Incentives to attend for profit colleges during a time budget cuts and fee hikes have risen, but students attend at what cost? The New University’s Editorial Board explains why this is an important issue especially while the Obama administration is expected to new rules that will stem the unregulated flow of federal financial aid to the for-profits in the next few weeks:
Repost from New University (UCI’s official campus newspaper):
Here’s the business model.
Find the most vulnerable people in society: the poor, minorities, people that the mainstream deems too risky to be a good customer. Sell them something that they can’t really afford by pushing a loan that they probably can’t repay. Use the hard sell.
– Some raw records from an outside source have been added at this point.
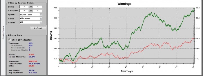 и снова кеш, только на этот раз нл10,но это для меня оказалось слишком скучно и монотонно, затем были доны, снг фулл ринг и 6мах за 3.45$ и 6.5$ где я достиг отметки в 600$ и после чего благополучно ушел на фтп отбивать бонус на первый депозит. Это был январь 2011 года после чего моя зеленая линия профита верно пошла, играл снг за $6.5, вверх и остановилась на отметки 1.8k в связи с известными событиями.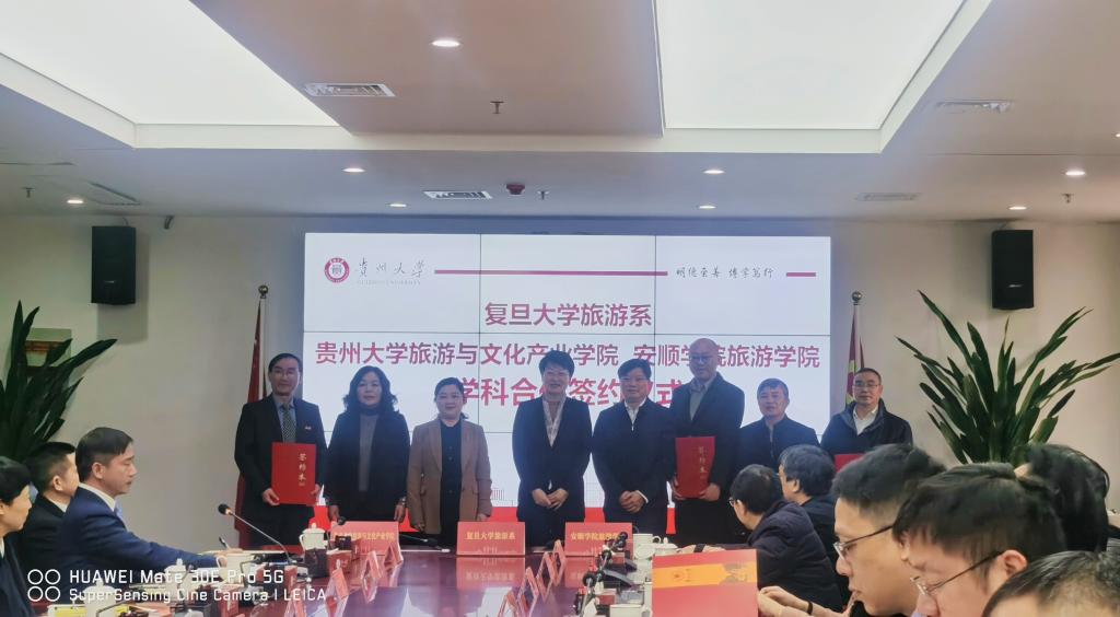 会上,复旦大学旅游学系与贵州大学旅游与文化产业学院、奇乐棋牌旅游学院共同签署了“组团式”帮扶旅游管理学科合作备忘录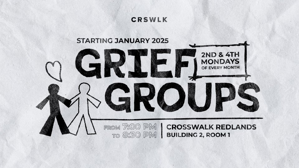 Starting in January 2025, our Grief Group will meet regularly on the 2nd and 4th Mondays from 7-8:30 at Crosswalk Church in Redlands. We will meet at 7:00 PM in Room 1 near the Worship Center. There will be a sign-up link, and I will forward it to this group email as soon as it is available. We look forward to learning, supporting, healing and growing together. Blessings to you all!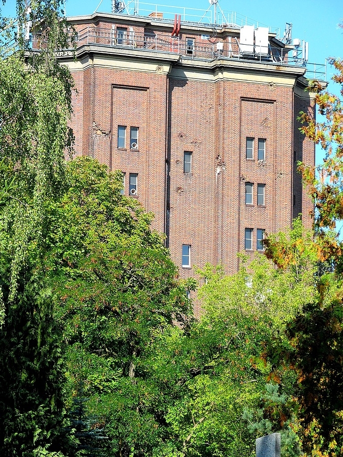Do 2000 r. ta (na zdjęciu) wieża ciśnień należała do Polskich Kolei Państwowych. Wybudowana została w latach 1941 1943 przez więźniów wojennych, głównie brytyjskich, przetrzymywanych w fortach XI, XII i XIII. Po wojnie zaadaptowana została na mieszkania i tak jest po dzień dzisiejszy.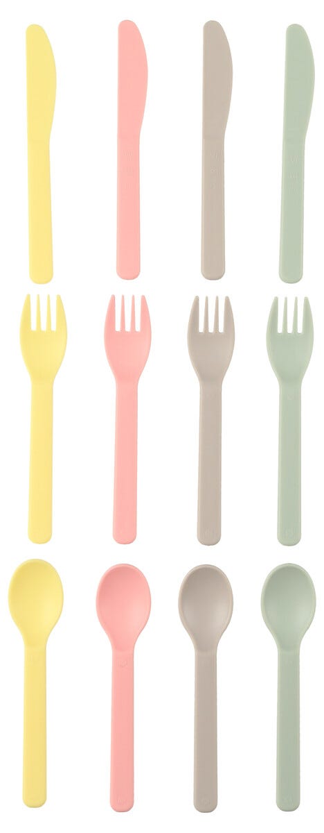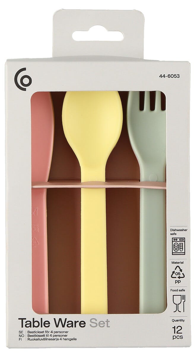 • 4 plastknivar, 4 plastgafflar, 4 plastskedar – varje set har en egen färg.

Tell them that this loan will help them solve all their problems and realize the American dream. Set impossible quotas for your sales force, quotas that incentivize questionable sales practices. Reap huge profits for your investors and when things go wrong, count on a government bailout.
Sound familiar? It should. This business model reaped billions in profits for subprime mortgage providers like Countrywide before the scheme came crashing down. Now, in the aftermath of the subprime mortgage mess, this business model lives on in the $29 billion for-profit college industry, an industry that might as well be called the subprime student loan racket.
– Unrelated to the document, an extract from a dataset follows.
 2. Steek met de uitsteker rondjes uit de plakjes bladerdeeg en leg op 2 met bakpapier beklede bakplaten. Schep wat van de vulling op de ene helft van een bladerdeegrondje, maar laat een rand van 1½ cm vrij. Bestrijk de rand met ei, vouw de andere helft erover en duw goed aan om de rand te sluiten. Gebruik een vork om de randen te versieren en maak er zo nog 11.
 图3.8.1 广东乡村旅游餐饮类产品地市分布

For-profit colleges are the fastest growing segment in American higher education. Enrollment in the colleges, colleges like the University of Phoenix and DeVry University, has been growing nine percent a year on average for the last 30 years. 3,000 for-profit colleges educate around ten percent of American college students.
At face value, there is no reason why for-profit colleges cannot function in conjunction with more traditional colleges and universities. One major factor behind the for-profit sector’s success is its willingness and ability to enroll students who are shut out of conventional higher education. For-profits offer online, night and weekend classes, which are more convenient for students with full-time jobs.
Sounds great right? What could possibly be wrong with an industry that expands access to higher education?
A lot, as it turns out.
For-profit schools have always faced skepticism about the quality of the education they offer. How can colleges that spend more money on marketing than they do on education, as many for-profits do, provide education comparable to traditional college?
They can’t. No matter what the ads may say, a degree from a for-profit is not the same as a degree from a traditional college. An investigative reporting team from Public Broadcasting’s Frontline found that for-profit school graduates often report being unable to find a job because “their degree was perceived to be of little worth by prospective employers.”
Despite the poor quality of the education offered, for-profits are not cheap. Tuition can be six times more expensive than it is at a community college. As a result, 60 percent of for-profit bachelor degree holders graduate with more than three times as much debt as their public four-year university counterparts, with around $30,000 in loans.
Obviously, this is bad for for-profit graduates. Less obviously, this is also bad for students at traditional colleges. Students at for-profits, only ten percent of post-secondary students, compete for and receive a quarter of the limited federal financial aid available to all students.
If these loans gave a broader segment of American society the advantages of higher education, they would be money well spent. However, that is not the case. For-profit colleges are rewarded for the number of students they can recruit, for “asses in classes,” not for the long-term ability of those students to succeed. After the tuition has been paid and the investors rewarded, there is no real incentive for the for-profit to make sure that their graduates are actually able to find jobs and pay back their loans. After all, if these students default, and they do (for-profit graduates account for 44 percent of student loan defaults in the first three years after graduation), it is not the for-profit that pays. No, the student and the government are left holding the bill.
That fact and the significant number of complaints (and lawsuits) from former students and other education industry observers have brought the for-profits to the attention of regulators.
The Obama Administration is expected to announce new rules that will stem the unregulated flow of federal financial aid to the for-profits in the next few weeks. The rules would evaluate for-profits on “gainful employment,” or the ability of graduates to find jobs in recognized occupations, using data on post-education income, debt loads, degree completion, job placement and loan repayment rates. Programs with a good record for job placement and debt loads would continue to be eligible for federal financial aid. Programs with bad records would be disqualified.
Gainful employment evaluations, if implemented with other reforms, will do much to stem the abuse. However, that depends on these reforms surviving the lobbying power of the for-profit. Already, the industry’s lobbyists have descended on Capital Hill and are working to weaken the bill.
President Obama made higher education one of the priorities of his administration. Now, it’s time for him to back those promises up with action.